Good morning. We’re 69 days out until Christmas, meaning Spotify Wrapped Is is arriving even sooner. Now would be a good time to stop listening to the music you actually enjoy and start listening to the music you want your friends to think you listen to.
— Benyin Ogar, Edna Akanni
BUSINESS
“We’re testing things out to see if we can become profitable” says Jumia

Weetracker
If there is one thing that never gets old, it’s how African businesses continue to prove the ‘do not put all your eggs in one basket’ adage wrong time after time.
Jumia, Africa’s top e-retailer will close its South African online fashion retailer Zando and its Tunisian operations by the end of the year to sharpen its focus on its other markets, the CEO told Reuters. This is the latest in Jumia’s bevy of exits since closing its businesses in Cameroon and Tanzania in 2019.
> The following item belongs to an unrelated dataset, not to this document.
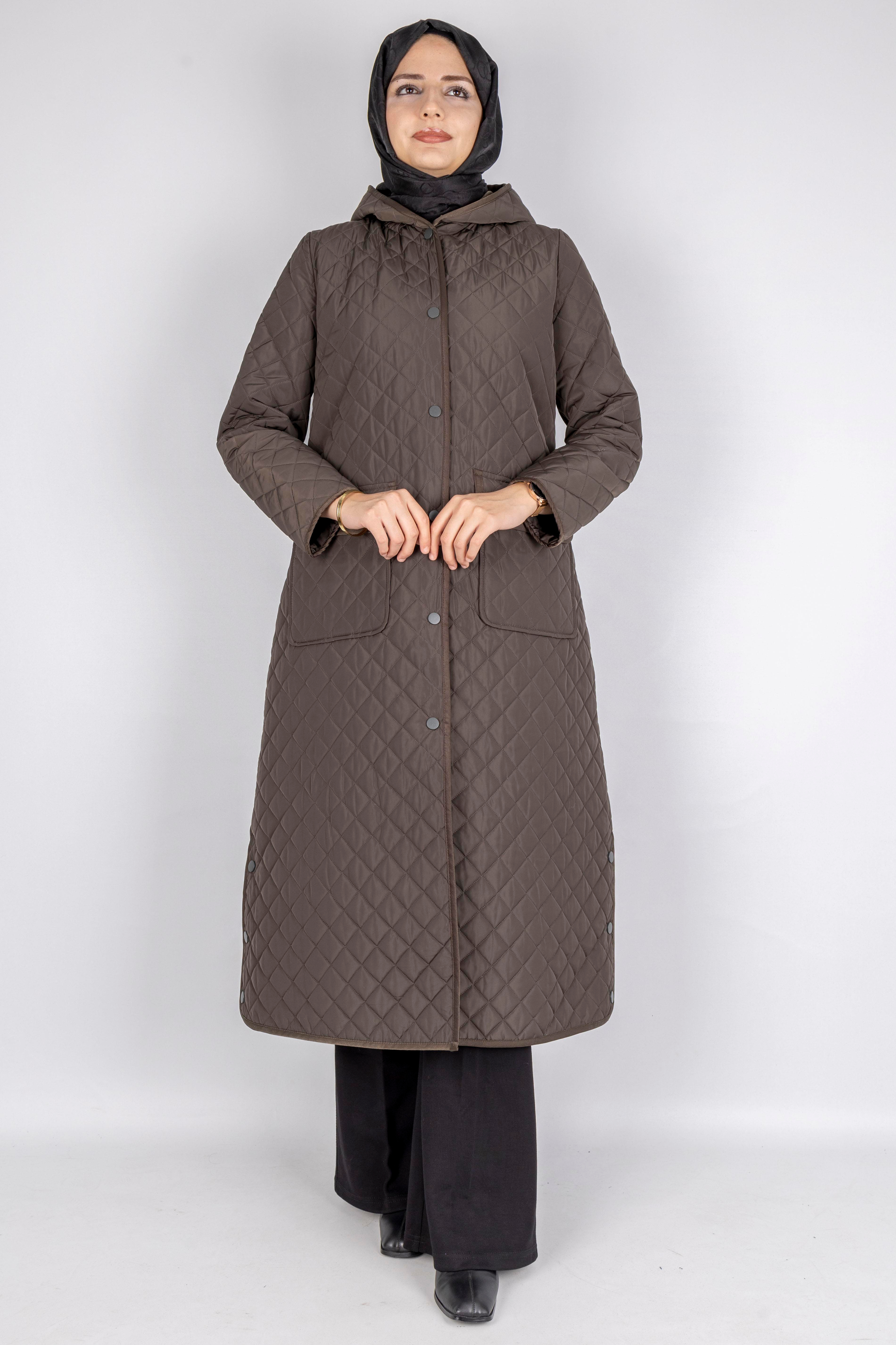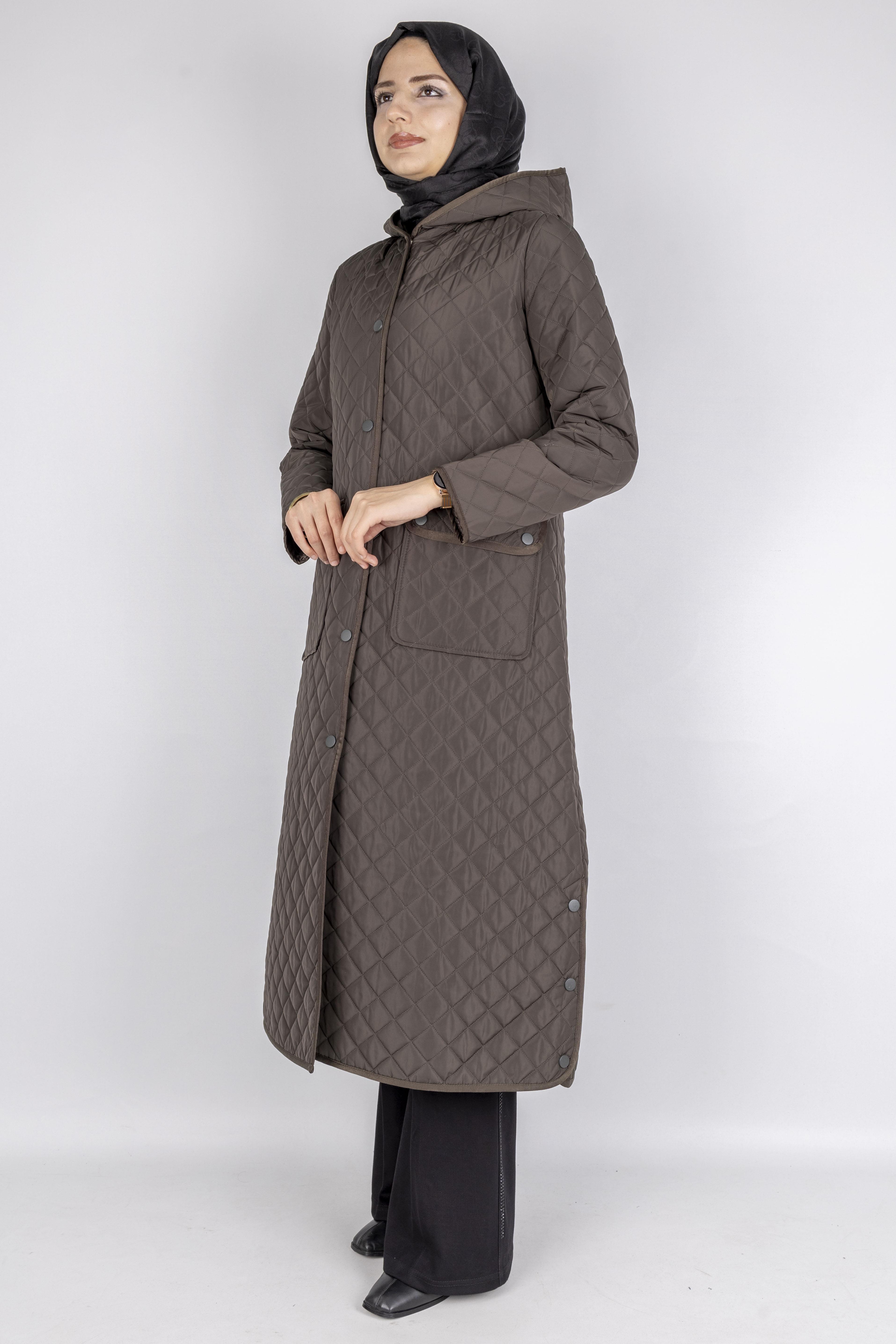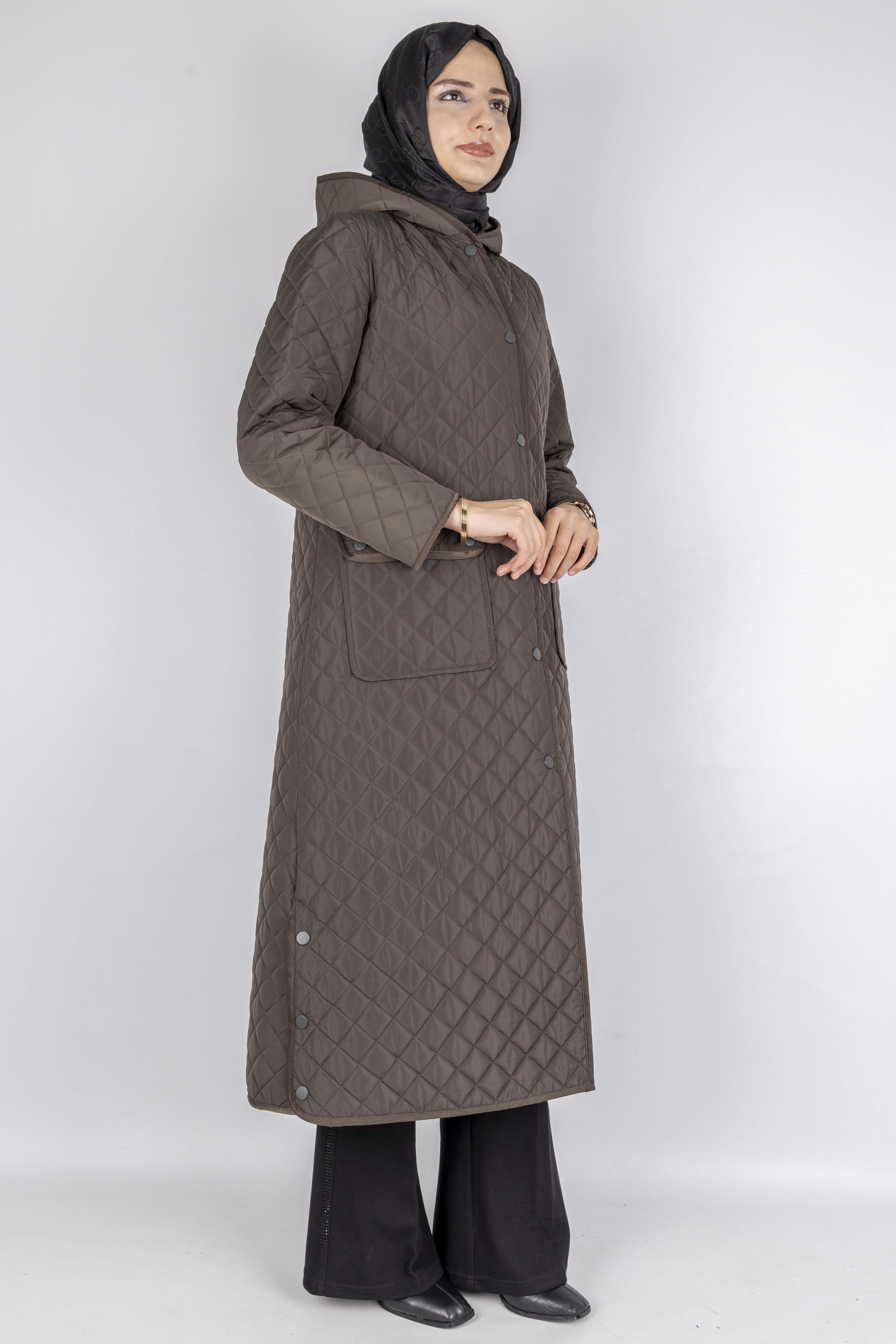 Ürün Detayları: Astarlı kapitone kumaştan üretilen uzun tesettür kap, kapüşonlu tasarımı ve yan cepleriyle kış aylarında rahat kullanım sağlar.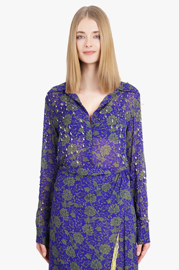 Fitted design with buttoned cuffs, concealed front button closure, and semi-sheer fabric.

Couldn’t stand the heat? Despite Zando’s massive popularity, Amazon’s entry into the South African e-commerce scene made it a cat-and-mouse contest. According to analysts, Amazon’s financial backing coupled with its variety of products and extensive delivery options made it a pretty straightforward decision for Jumia. Chinese e-retailers, Shein & Temu had also been fierce competitors for the past couple of years.
Chasing profitability.
Since launching in 2021, Jumia has never posted a profit. In previous years, it has;
Slashed its workforce by 20%, an exercise that saw 900 staff exit the company
It posted a loss of $178 million in 2018, after raking in a cool $138 million as revenue during the same year.
Last year, its account statements read a loss of $73 million, a 64% reduction in operating losses from the previous year.
CEO, Francis Dufay believes the exit is the right decision, adding “It enables us to refocus our resources on the other nine markets, where we see more promising trends in terms of scale and profitability."
What else gave? Last year, the company discontinued its food delivery service, Jumia Food in seven African countries citing unfavorable macro-economic conditions in the same countries it is now focusing its e-commerce business on. -EA.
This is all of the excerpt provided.